The Des Moines market was no different. While many commercial markets here struggled last year — retail, entertainment, hospitality, office — industrial enjoyed a busy year.

According to CBRE’s report, the vacancy rate for the Des Moines area industrial market fell to 5.4 percent in the fourth quarter, a drop of 70 basis points. Asking rents for warehouse and distribution space rose to an average of $5.38 a square foot. And the market saw 451,480 square feet of net absorption during the fourth quarter.

The only metric that saw a dip was new construction. CBRE reported that 84,600 square feet of industrial space was under construction as of the fourth quarter of 2020.
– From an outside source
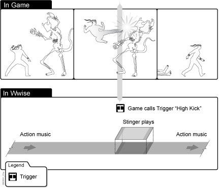The following illustration demonstrates the Trigger mechanism that plays a Stinger at a key point in the game.

The solid fourth quarter capped off a strong industrial year for the Des Moines area. According to CBRE’s report, the greater Des Moines industrial market recorded 1.2 million square feet of speculative deliveries in 2020, increasing the overall competitive inventory by 2 percent. Despite this surge in new supply, vacancy for the year increased by just 1 percent as the market absorbed about 50 percent of 2020 completions by the end of the year.

The absorption gains in the fourth quarter took place largely in the Northeast submarket of Des Moines, which saw 535,617 square feet of positive absorption and accounted for the top three leases of the quarter. The significant expansion of activity in this submarket can be attributed to the rapid expansion of 3PL company JT Logisitcs, which leased 447,000 square feet in the fourth quarter.
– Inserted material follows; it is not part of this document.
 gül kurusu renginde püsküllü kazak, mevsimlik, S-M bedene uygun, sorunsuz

Four speculative projects totaling 217,400 square feet also delivered in the fourth quarter, reducing the spec construction pipeline to 84,600 square feet. The Northwest submarket accounted for 68 percent of fourth quarter deliveries.

Investment activity was strong in 2020, too, up 64 percent in total sales volume and 44 percent in the number of transactions year-over-year. There were four transactions of more than $7 million in the fourth quarter, the most notable of these being the Atlantic Bottling headquarters, which sold to an investment firm in Austin, Texas, for $31.5 million.